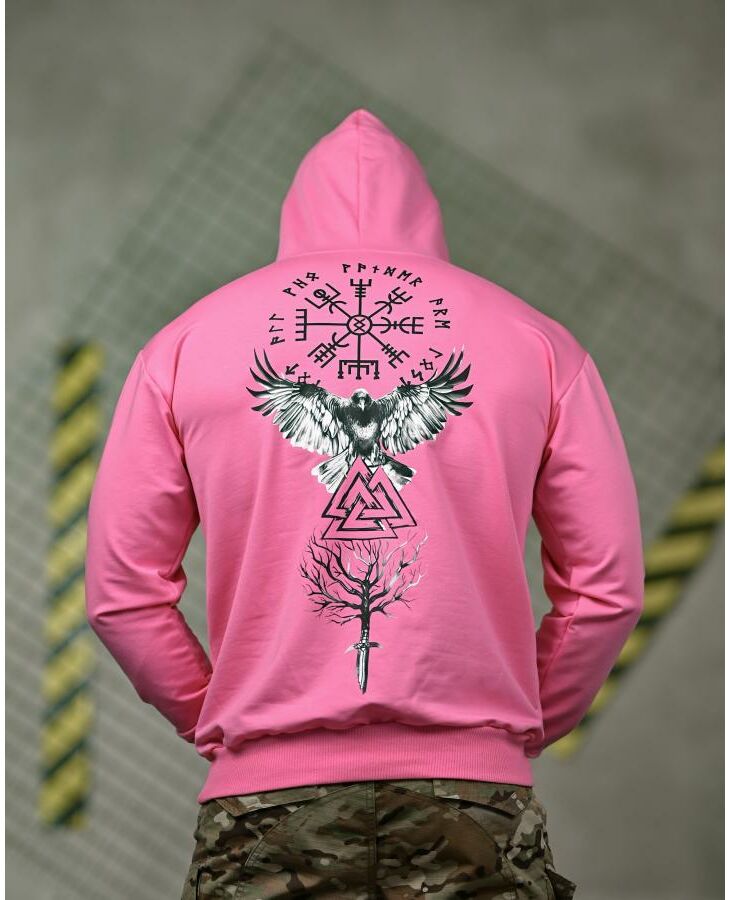 Виконано з двонитки — щільний і зносостійкий матеріал, тримає форму і комфортний у носінні. Класичний крій з капюшоном і кишенею-кенгуру.
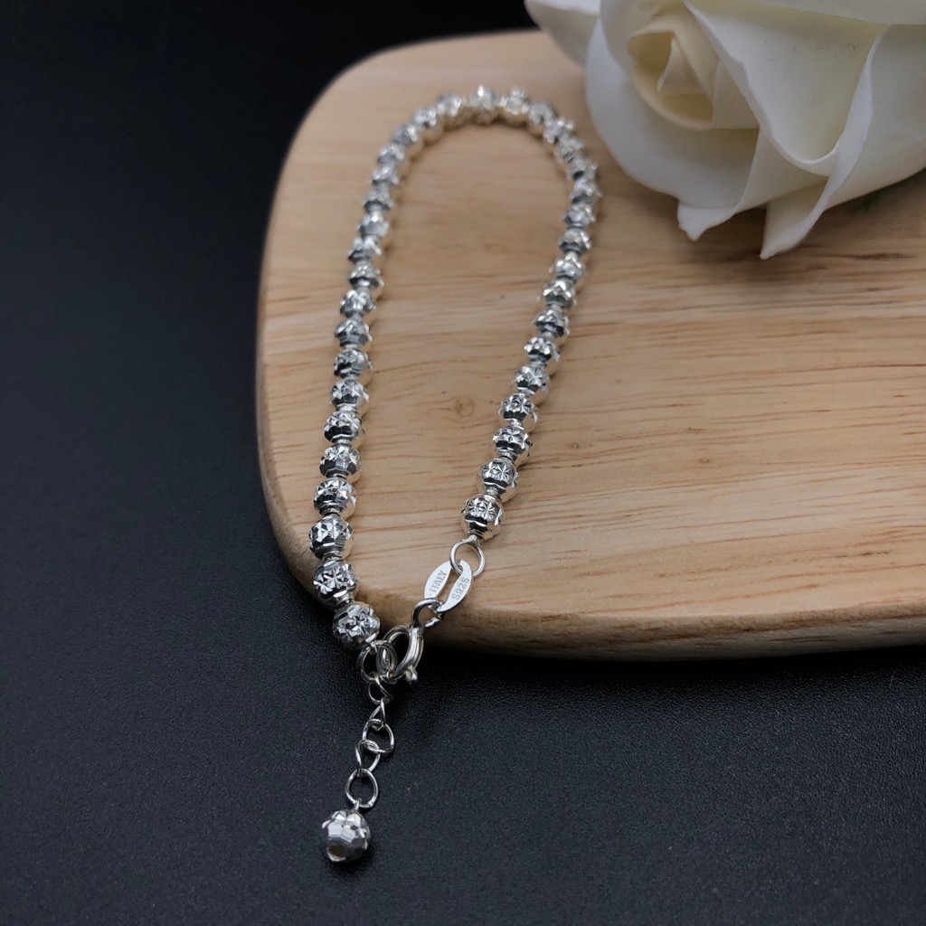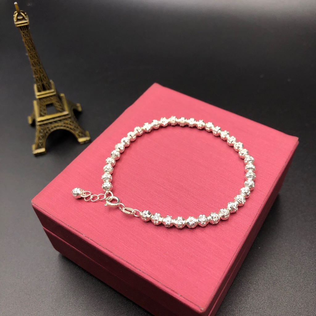 Là con gái, hẳn bạn luôn bị cuốn hút trước những bộ cánh thời trang và những đôi giày sành điệu. Tuy nhiên để làm hoàn hảo hình ảnh của mình trong mắt người đối diện, các bạn cần thêm những món phụ kiện bé bé xinh xinh để điểm tô cho vẻ ngoài thêm ấn tượng. Và hôm nay, S sẽ mang đến các bạn cơ hội sở hữu chiếc lắc tay rất dễ thương, được làm bằng bạc ta. Sản phẩm thích hợp với những bạn gái có phong cách dịu dàng, nữ tính.
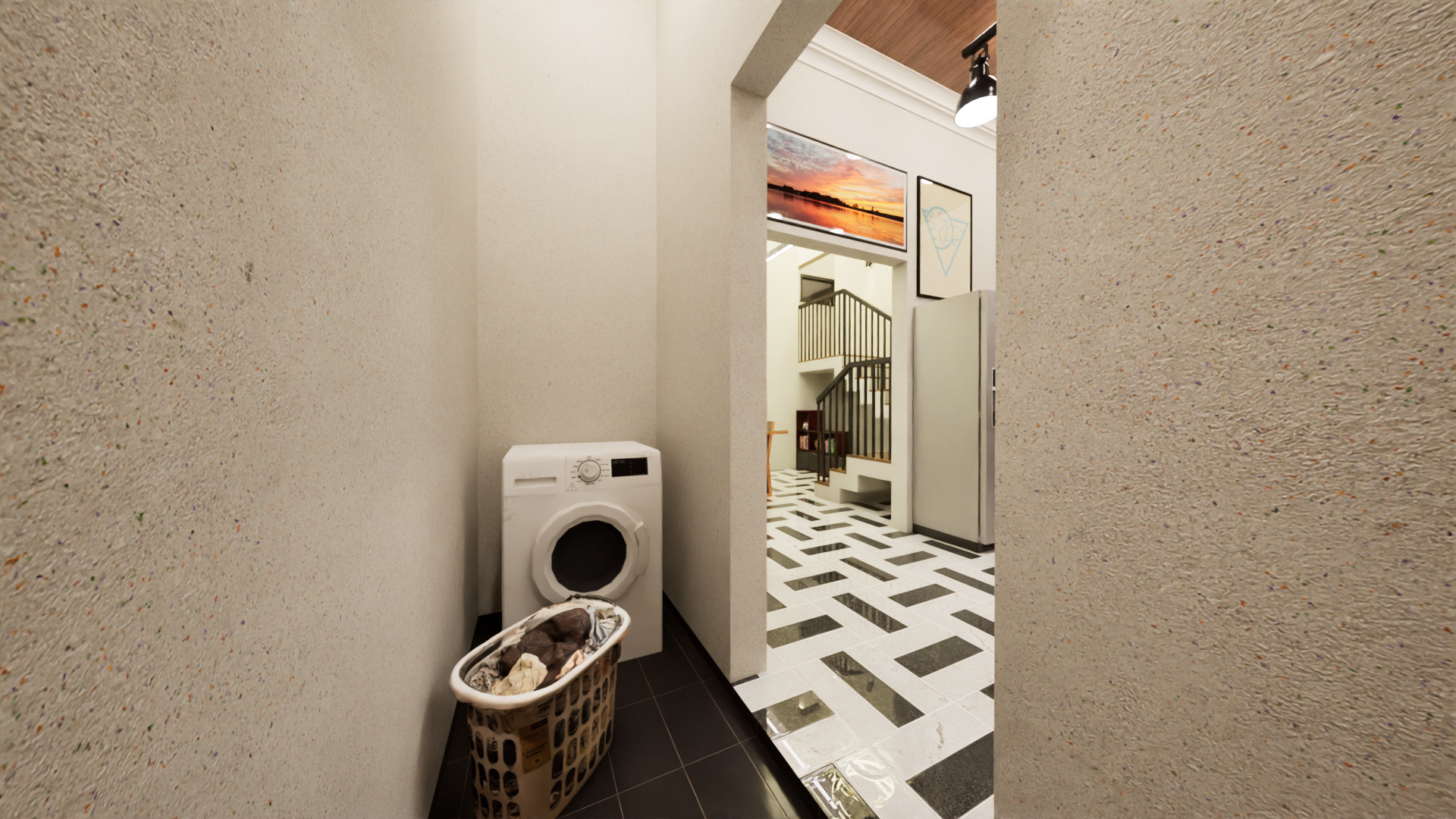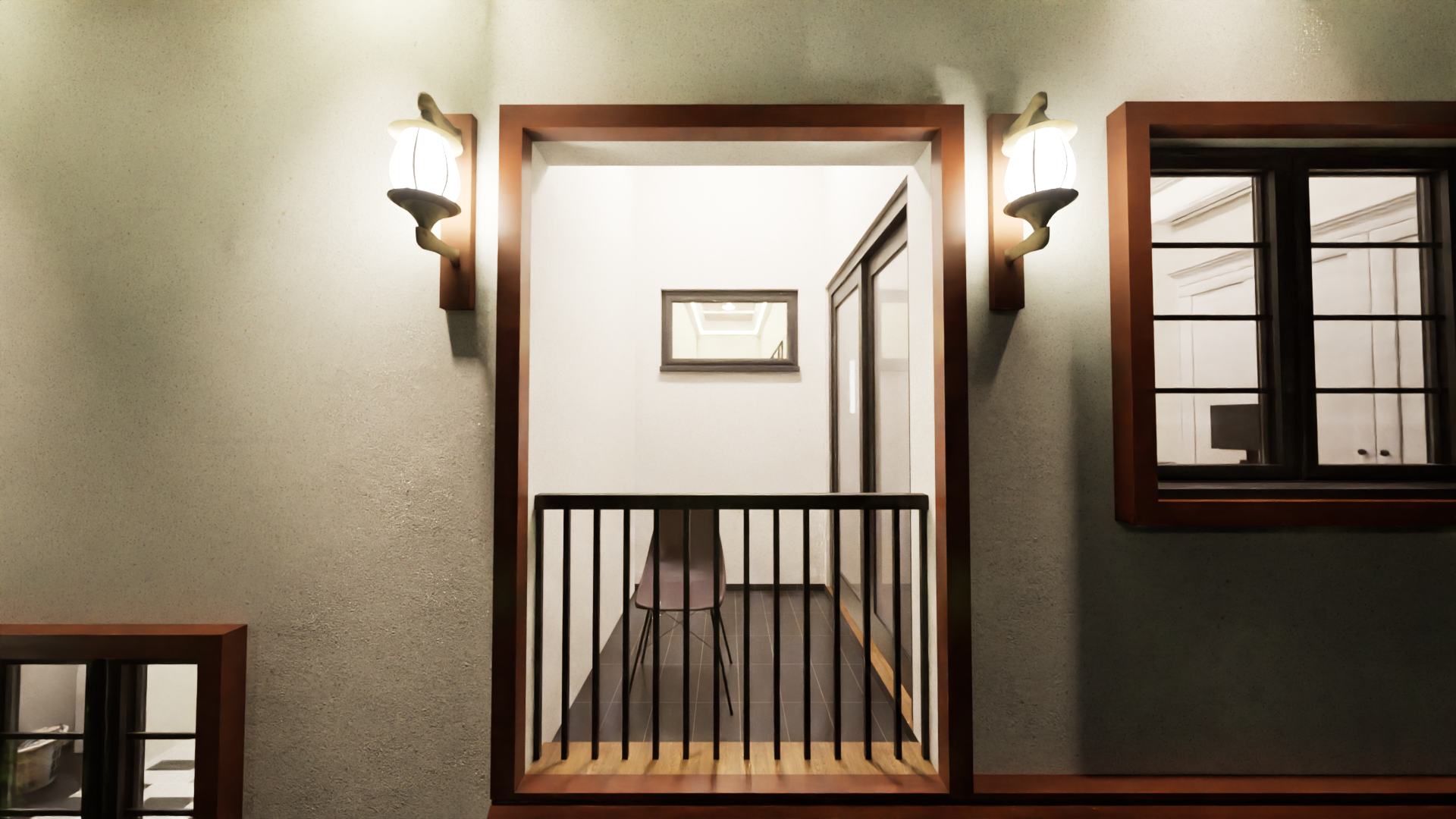 A small upper-level circulation space that connects the bedrooms, enhanced by natural lighting.
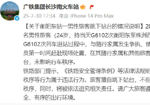 广铁集团表示,事件未造成列车晚点,站台秩序很快恢复正常。铁路部门提醒旅客,候车期间应保持冷静理性,任何在站台或轨道区域的危险行为,不仅威胁自身生命安全,也可能影响列车运行和公共安全。
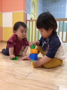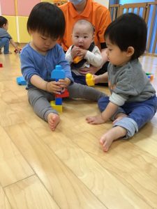 ブロック遊びが大好きなお友達が多く、並べてはくずしてと楽しんでいます?
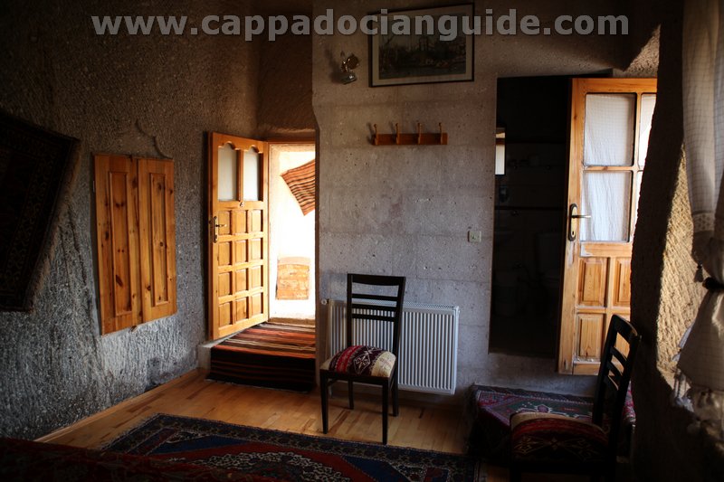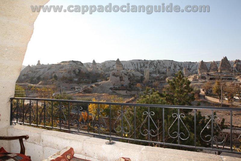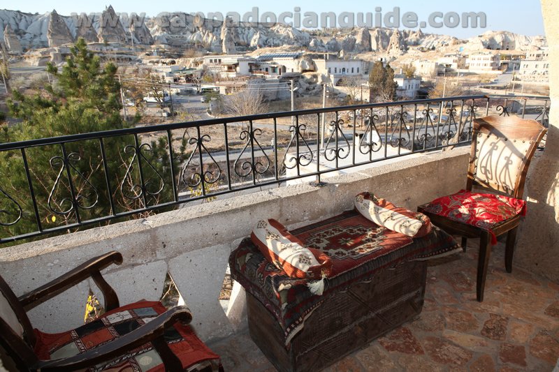 Private balcony of the cave offers you one of the best view of Uchisar Casttle, Wineyards, Fairy Chimneys at head of the “Pigeon Valley” and “Goreme Valley”. While you sipping your coffe or herbal teas at traditionaly decorated balcony you can enjoy the captivating landscape, you can watch Balloon Flights in the morning or watch splendid Sunset.
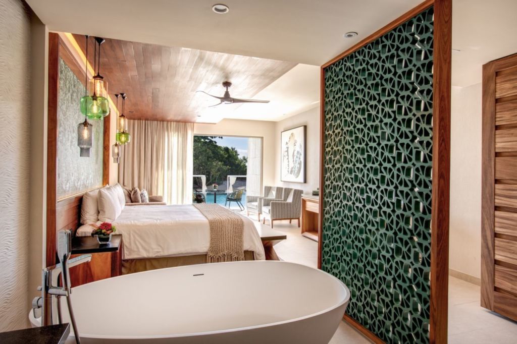 En medio de la jungla del Caribe mexicano se encuentra este hotel de lujo que, además de ser sustentable con el medio ambiente, tiene los espacios más lujosos y bellos para pasar unas vacaciones envidiables. Las habitaciones de este lujoso resort cuentan con vista al mar y cada una tiene su propia tina y entrada personal a la terraza que da directamente a las playas de Riviera Maya. Tiene suites con infinity pool con vista a la jungla.

· · · ·

» Brief
Your task is to copy exactly the lines from the line containing "广铁集团表示,事件未造成列车" through the final line of the listing above and to omit every picture.

» Answer to this exercise
 广铁集团表示,事件未造成列车晚点,站台秩序很快恢复正常。铁路部门提醒旅客,候车期间应保持冷静理性,任何在站台或轨道区域的危险行为,不仅威胁自身生命安全,也可能影响列车运行和公共安全。
 ブロック遊びが大好きなお友達が多く、並べてはくずしてと楽しんでいます?
 Private balcony of the cave offers you one of the best view of Uchisar Casttle, Wineyards, Fairy Chimneys at head of the “Pigeon Valley” and “Goreme Valley”. While you sipping your coffe or herbal teas at traditionaly decorated balcony you can enjoy the captivating landscape, you can watch Balloon Flights in the morning or watch splendid Sunset.
 En medio de la jungla del Caribe mexicano se encuentra este hotel de lujo que, además de ser sustentable con el medio ambiente, tiene los espacios más lujosos y bellos para pasar unas vacaciones envidiables. Las habitaciones de este lujoso resort cuentan con vista al mar y cada una tiene su propia tina y entrada personal a la terraza que da directamente a las playas de Riviera Maya. Tiene suites con infinity pool con vista a la jungla.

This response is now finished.